● **PROBLEM TO WORK ON**
After finding the line with "316L Çelik Sedefli", restate it and each remaining line of the material word for word, omitting every picture.

● **DATA SEGMENT**
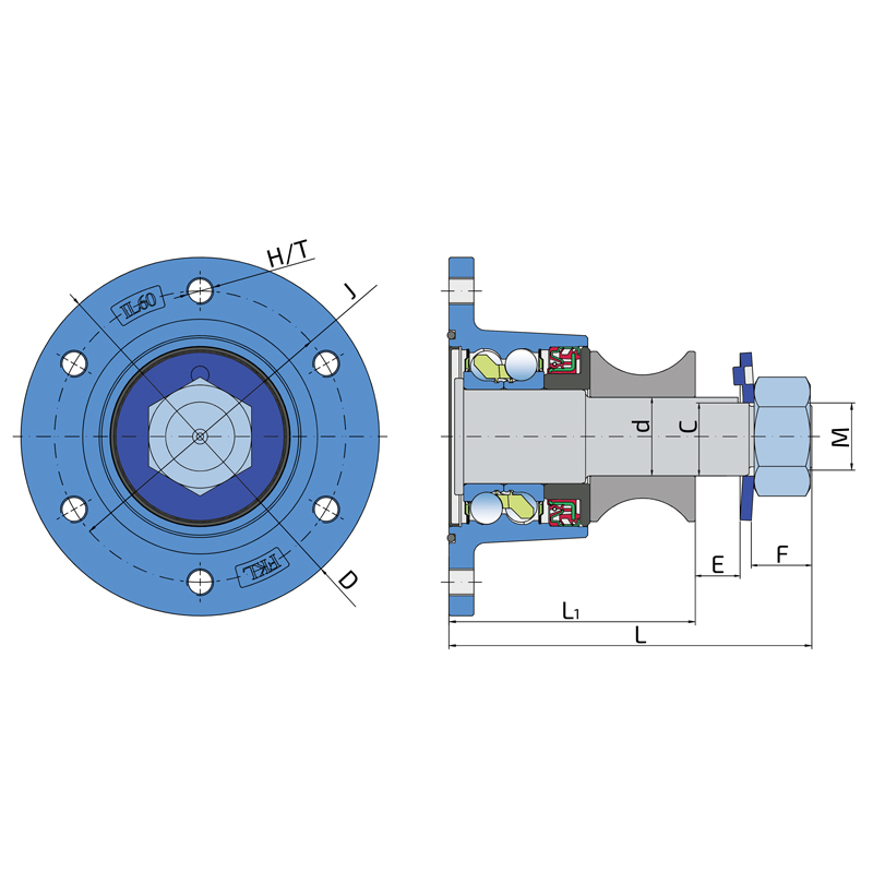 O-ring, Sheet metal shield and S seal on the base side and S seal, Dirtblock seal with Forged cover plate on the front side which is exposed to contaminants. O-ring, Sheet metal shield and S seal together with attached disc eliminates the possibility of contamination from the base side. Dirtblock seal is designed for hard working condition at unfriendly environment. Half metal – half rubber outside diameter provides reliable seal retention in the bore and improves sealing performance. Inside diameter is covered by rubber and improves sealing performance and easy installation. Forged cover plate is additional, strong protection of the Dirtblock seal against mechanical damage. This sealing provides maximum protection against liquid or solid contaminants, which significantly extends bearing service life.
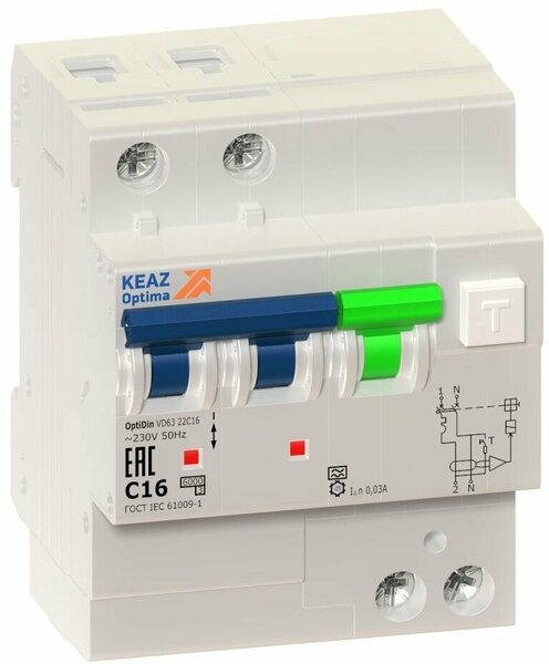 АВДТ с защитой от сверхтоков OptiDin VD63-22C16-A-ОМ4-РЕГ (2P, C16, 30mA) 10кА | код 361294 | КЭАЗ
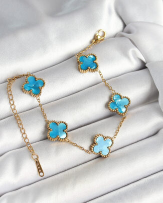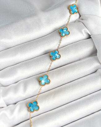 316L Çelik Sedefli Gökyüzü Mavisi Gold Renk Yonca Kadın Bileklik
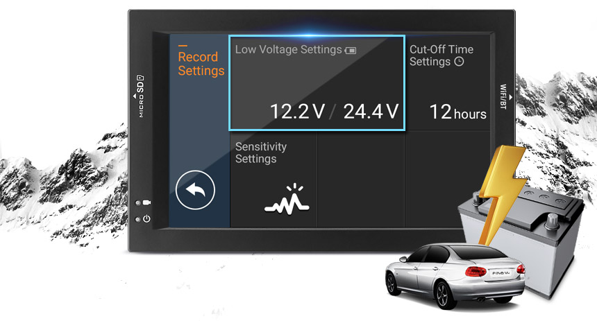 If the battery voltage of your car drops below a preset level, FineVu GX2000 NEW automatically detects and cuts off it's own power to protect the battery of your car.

● **WRITTEN SOLUTION**
 316L Çelik Sedefli Gökyüzü Mavisi Gold Renk Yonca Kadın Bileklik
 If the battery voltage of your car drops below a preset level, FineVu GX2000 NEW automatically detects and cuts off it's own power to protect the battery of your car.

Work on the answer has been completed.